Will you state that every group has at least 2000 records? If not you need to provide a description of what you desire for smaller groups as there will be overlaps between upper and lower. And if you ever have fewer than 1000 records in a group then you have yet another problem to describe the desired behavior.

For each generation of runs, the range of Countries varies. So, it needs to be scalable rather than hard code for a specific list of Countries =values.

Likely the easier part of this.

Here is one approach but does not attempt to include any fix for fewer records involved. This assumes that each level of the variable Sex defines a "group".

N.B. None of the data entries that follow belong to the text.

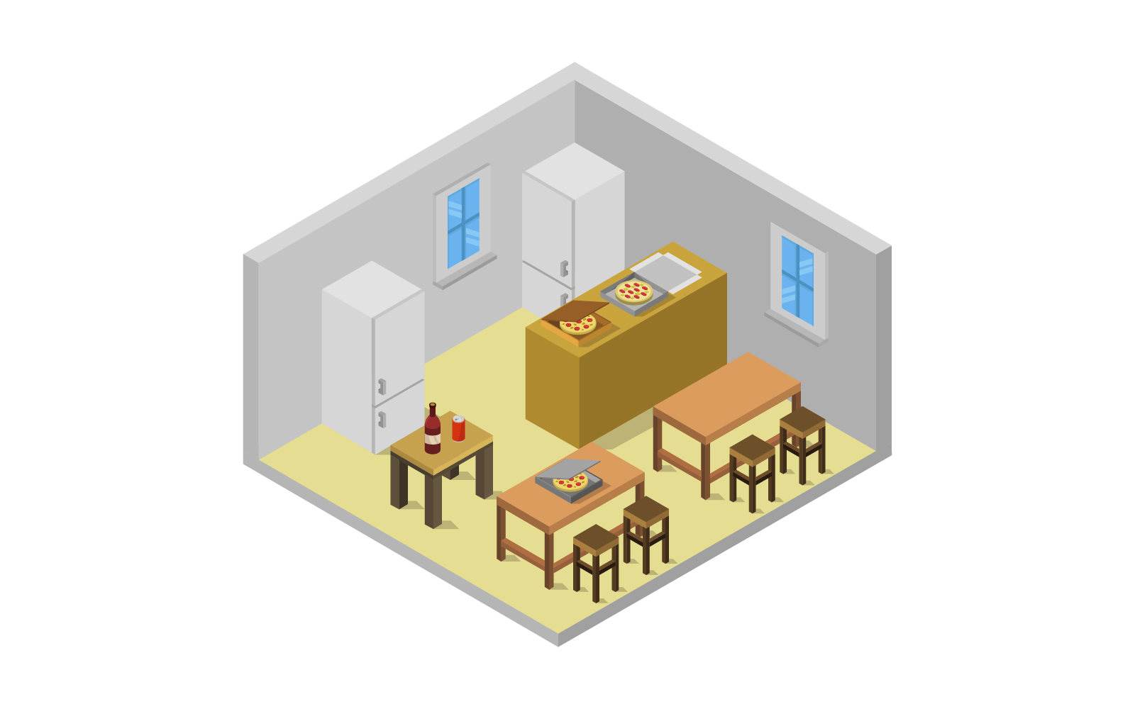 Download Vector "Isometric Pizza Room - Vector Image" / Isometric Pizza Room - Vector Image - Vector на тему графика home,pizza,wall,illustration,room,living,vector,interior,isolated,indoor,isometric,decoration,furniture,3d,cook,kitchen,culinary,board,meat,coffee
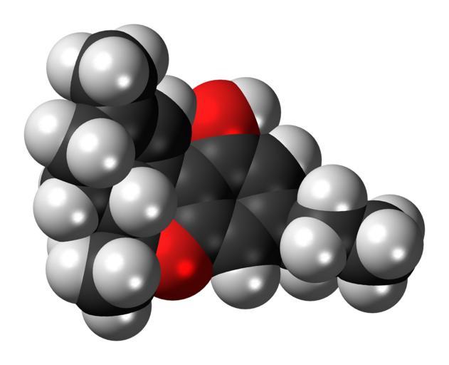 Keywords: Tetrahydrocannabivarin molecule spacefill.png Space-filling model of the tetrahydrocannabivarin molecule also known as THCV or THV a compound with a similar structure to THC C H O 2015-05-31 own DS Visualizer Jynto more from this user Ball-and-stick version cc-zero Images by Jynto Cannabinoids
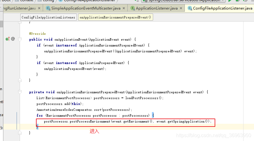 任意找一个,这里找ConfigFileApplicationListener类,可以看到对于通过event类型,执行了不同操作,如下:

proc sort data=sashelp.class out=work.class;
   by sex;
run;

proc summary data=work.class nway;
   class sex ;
   output out=work.sexcount(drop=_type_);
run;

data temp;
  merge work.class
        work.sexcount
  ;
  by sex;
  if first.sex then counter=.;
   counter+1;
  /* picking top/bottom 3 when _freq_ is at least 6*/
  if counter le 3 or (_freq_-counter) le 2 ; 
run;

If you really know that you have at least 2000 records in each "group" that last line would be

if counter le 1000 or (_freq_-counter) le 999 ;

View solution in original post

Reeza · Posted 07-15-2020 04:00 PM

How big are the data sets?

Can you show an example of your input and expected output?
Or can you illustrate what you want as output using sashelp.heart or sashelp.cars as your input data set.

texasmfp · Posted 07-15-2020 04:11 PM

The input and output are SAS datasets and have identical structure with just two fields. What I want is results that have been filtered for the top x and bottom x from within each Countries value. Here is an example of the data. In this limited dataset, there are only 2 values in the Countries field (19, 20). The full database has 10s of millions of rows and has Countries values that range from 5 to 100:

bluneconomic	Countries
-0.695725305	19
-0.695386876	19
-0.695117345	19
-0.694779503	20
-0.693231578	19
-0.692606254	20
-0.692243075	20
-0.691876134	20
-0.691733435	19
-0.691376988	19
-0.69006756	    20
-0.690016635	19
-0.689842044	20
-0.689760414	19
-0.689543252	19
-0.689053336	20
-0.689001225	19

Reeza · Posted 07-15-2020 04:17 PM

ods select none;
ods output ExtremeValues=want;
proc univariate data=yourData nextrval=10;
class countries;
   var bluneconomic;
run;
ods select all;

Note nextrval is your 'x'

Example 4.3 Identifying Extreme Observations and Extreme Values

https://documentation.sas.com/?docsetId=procstat&docsetTarget=procstat_univariate_examples03.htm&doc...

texasmfp · Posted 07-15-2020 04:22 PM

Thanks Reeza, but I do not want ODS output. I want a SAS datafile. Thanks

Reeza · Posted 07-15-2020 04:58 PM

You're aware that ODS OUTPUT creates a SAS data set? Did you try it and it didn't work?

If so, what is a data file?

ballardw · Posted 07-15-2020 04:32 PM

So, how do we know what constitutes a "group"? A variable? A combination of variables? Telepathy? Please provide a clearer definition and best is terms of actual variables.

Will you state that every group has at least 2000 records? If not you need to provide a description of what you desire for smaller groups as there will be overlaps between upper and lower. And if you ever have fewer than 1000 records in a group then you have yet another problem to describe the desired behavior.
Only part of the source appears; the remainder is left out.